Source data

=== Section Start ===

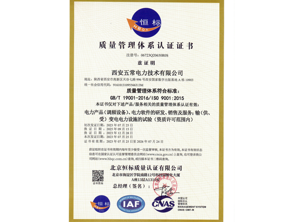 西安五常电力技术有限公司快速频率响应设备通过江苏电科院检测
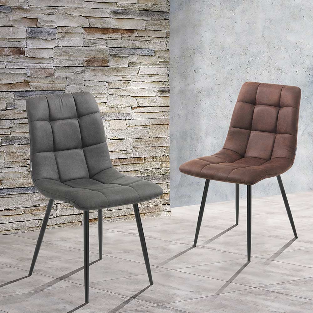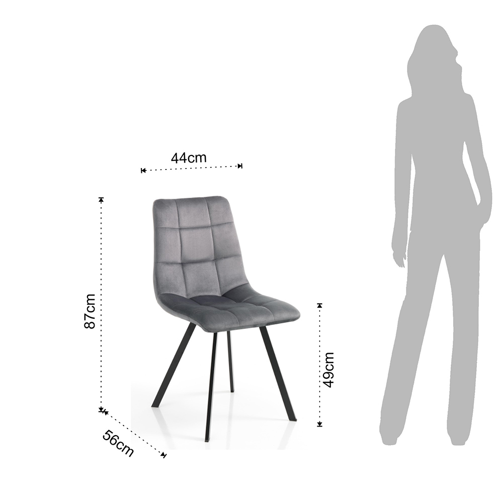 Cadeira de sala de jantar ou cozinha em metal e microfibra com efeito veludo, 4 peças.
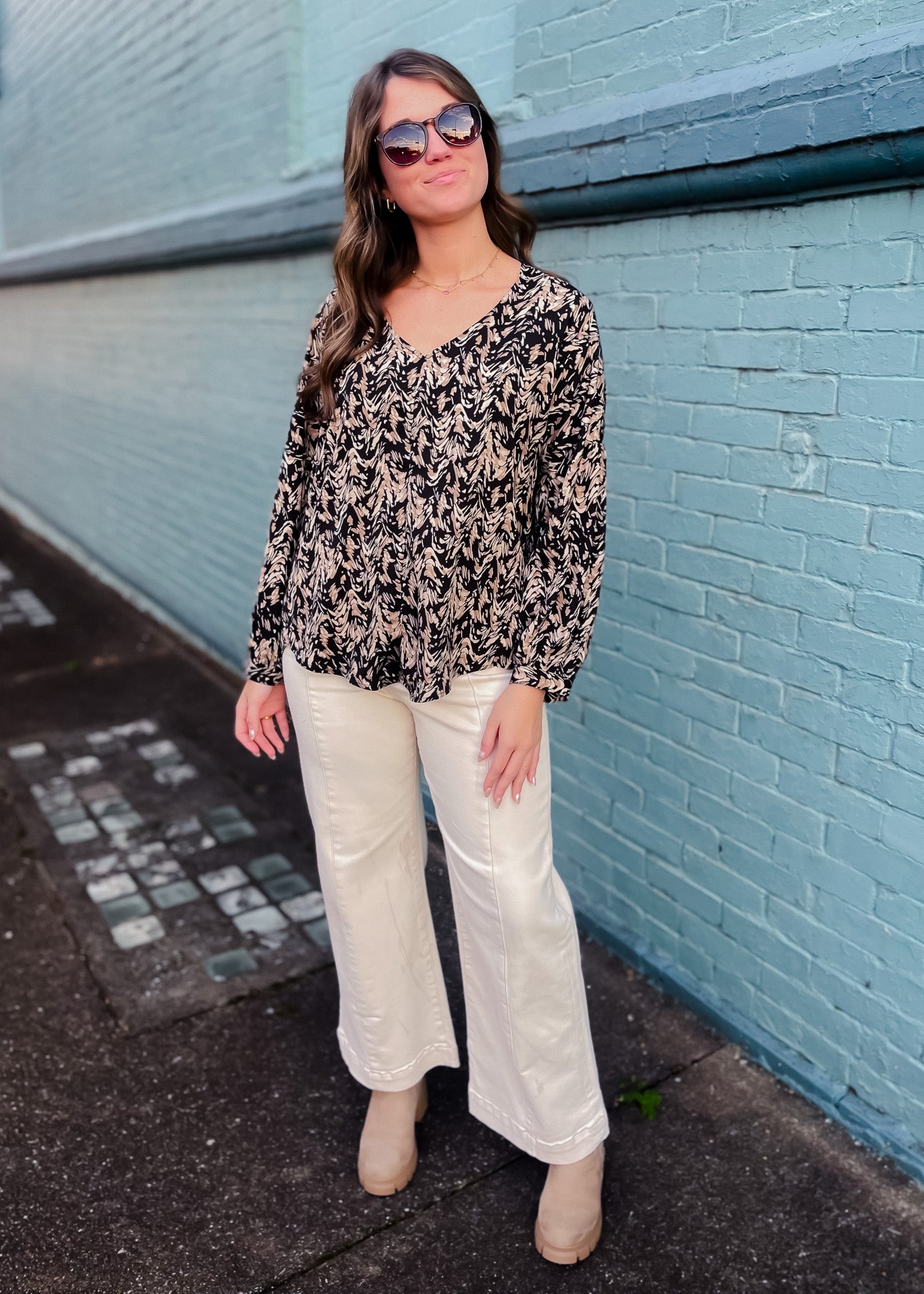 Without Thinking Ivory Tummy Control High Rise Line Detail Wide- Risen Jeans
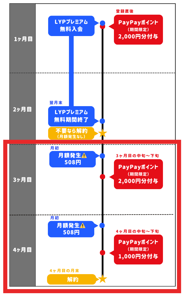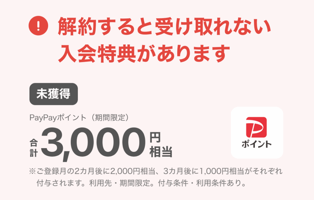 その後、月額を払って継続するとさらに3ヶ月目にPayPay2,000円分、4ヶ月目にPayPay1,000円分が付与されます。
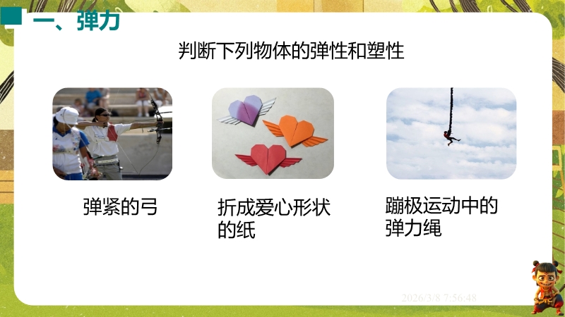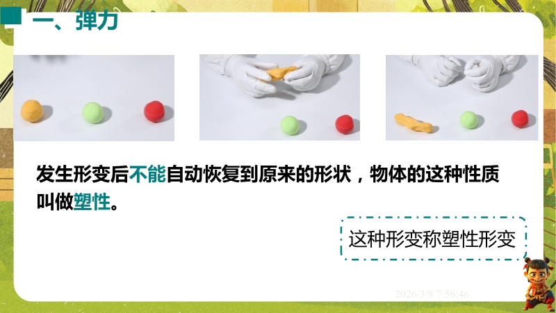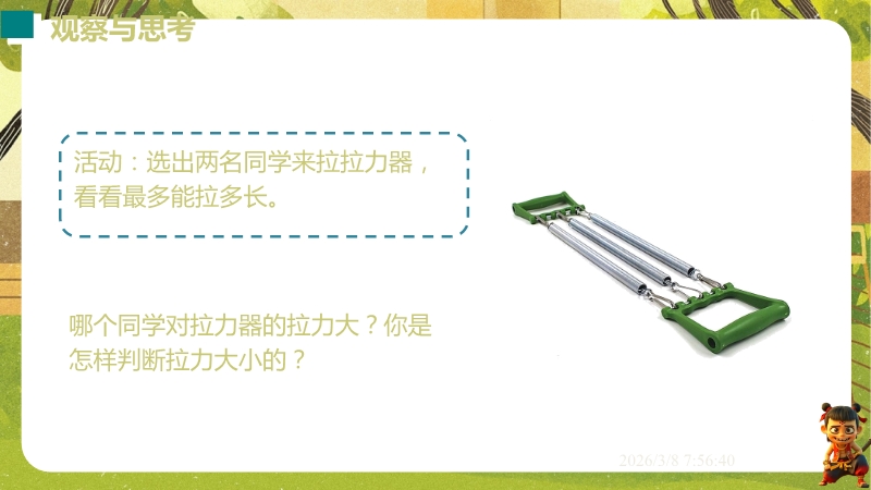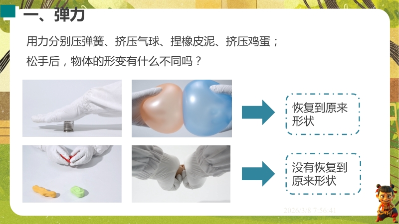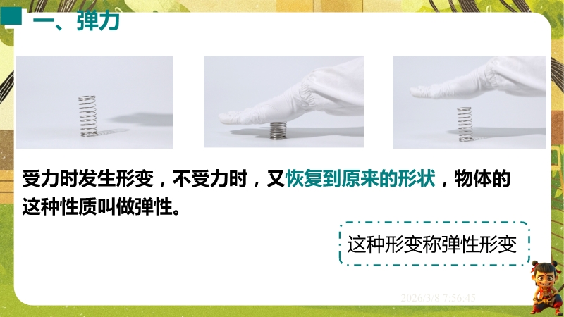 【内容简介】课件聚焦“弹力、力的测量和表示”,通过拉拉力器、压弹簧等互动活动导入,引导学生从生活现象区分弹性与塑性形变,进而理解弹力定义、产生条件及方向,再学习弹簧测力计的构造与使用,最后掌握力的示意图画法,构建完整知识脉络。其亮点在于融合科学探究与情境应用,如“小奶龙”玩具、空间站“企鹅服”等实例,培养科学态度与责任;力的示意图教学步骤规范,结合例题与中考题,强化科学思维中的模型建构。学生能在实践中深化物理观念,教师可借助清晰结构提升教学效率。
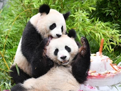 ·柏林動(dòng)物園為即將回國的大熊貓雙胞胎“夢(mèng)想”和“夢(mèng)圓”舉辦歡送活動(dòng)。
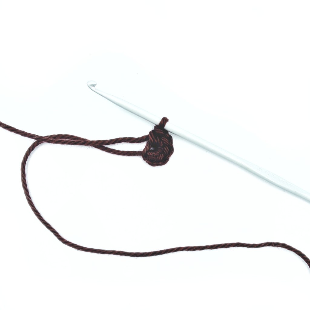 10. R: steche runter in die abm-M der 7. R und häkle 1 KM durch diese M (das faltet die 7. – 9. R zusammen und macht den braunen Teil dicker, was wir für den Stängel wollen)
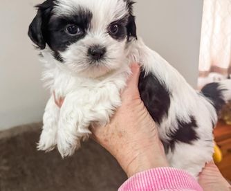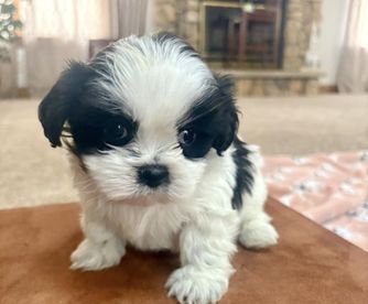 Our Shih Tzu puppies include tricolor and black and white. German Shepherd puppies include sable, black, and black and tan. Colors will vary depending on the parent dogs.
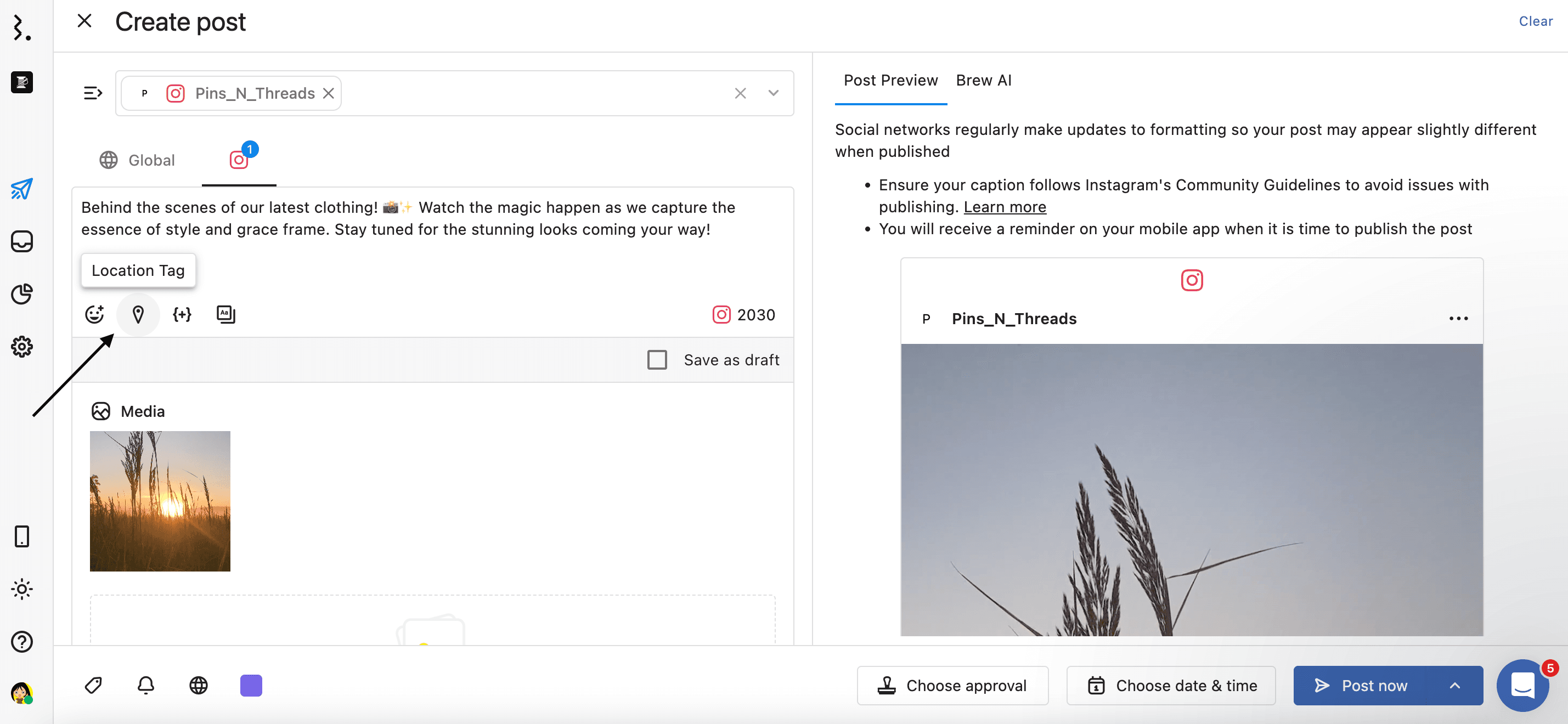 Add a caption (up to 2200 characters). You can also use Brew AI to write or refine the post caption.
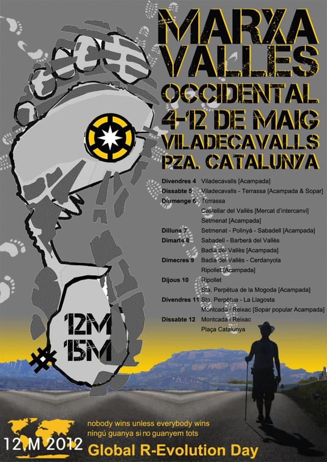 La Coordinadora d'Assemblees del Vallès Occidental ha organitzat una marxa per la comarca, entre el 4 i el 12 de maig, entre Viladecavalls i Plaça Catalunya. L'objectiu és caminar al llarg del Vallès Occidental, per tal de convocar poble a poble a la mobilització del 12 de maig, una manifestació internacional del moviment 15M.

=== Section End ===

Problem statement ▸ The result should be a word-for-word restatement of all the data, without images.

Answer section ▸
 西安五常电力技术有限公司快速频率响应设备通过江苏电科院检测
 Cadeira de sala de jantar ou cozinha em metal e microfibra com efeito veludo, 4 peças.
 Without Thinking Ivory Tummy Control High Rise Line Detail Wide- Risen Jeans
 その後、月額を払って継続するとさらに3ヶ月目にPayPay2,000円分、4ヶ月目にPayPay1,000円分が付与されます。
 【内容简介】课件聚焦“弹力、力的测量和表示”,通过拉拉力器、压弹簧等互动活动导入,引导学生从生活现象区分弹性与塑性形变,进而理解弹力定义、产生条件及方向,再学习弹簧测力计的构造与使用,最后掌握力的示意图画法,构建完整知识脉络。其亮点在于融合科学探究与情境应用,如“小奶龙”玩具、空间站“企鹅服”等实例,培养科学态度与责任;力的示意图教学步骤规范,结合例题与中考题,强化科学思维中的模型建构。学生能在实践中深化物理观念,教师可借助清晰结构提升教学效率。
 ·柏林動(dòng)物園為即將回國的大熊貓雙胞胎“夢(mèng)想”和“夢(mèng)圓”舉辦歡送活動(dòng)。
 10. R: steche runter in die abm-M der 7. R und häkle 1 KM durch diese M (das faltet die 7. – 9. R zusammen und macht den braunen Teil dicker, was wir für den Stängel wollen)
 Our Shih Tzu puppies include tricolor and black and white. German Shepherd puppies include sable, black, and black and tan. Colors will vary depending on the parent dogs.
 Add a caption (up to 2200 characters). You can also use Brew AI to write or refine the post caption.
 La Coordinadora d'Assemblees del Vallès Occidental ha organitzat una marxa per la comarca, entre el 4 i el 12 de maig, entre Viladecavalls i Plaça Catalunya. L'objectiu és caminar al llarg del Vallès Occidental, per tal de convocar poble a poble a la mobilització del 12 de maig, una manifestació internacional del moviment 15M.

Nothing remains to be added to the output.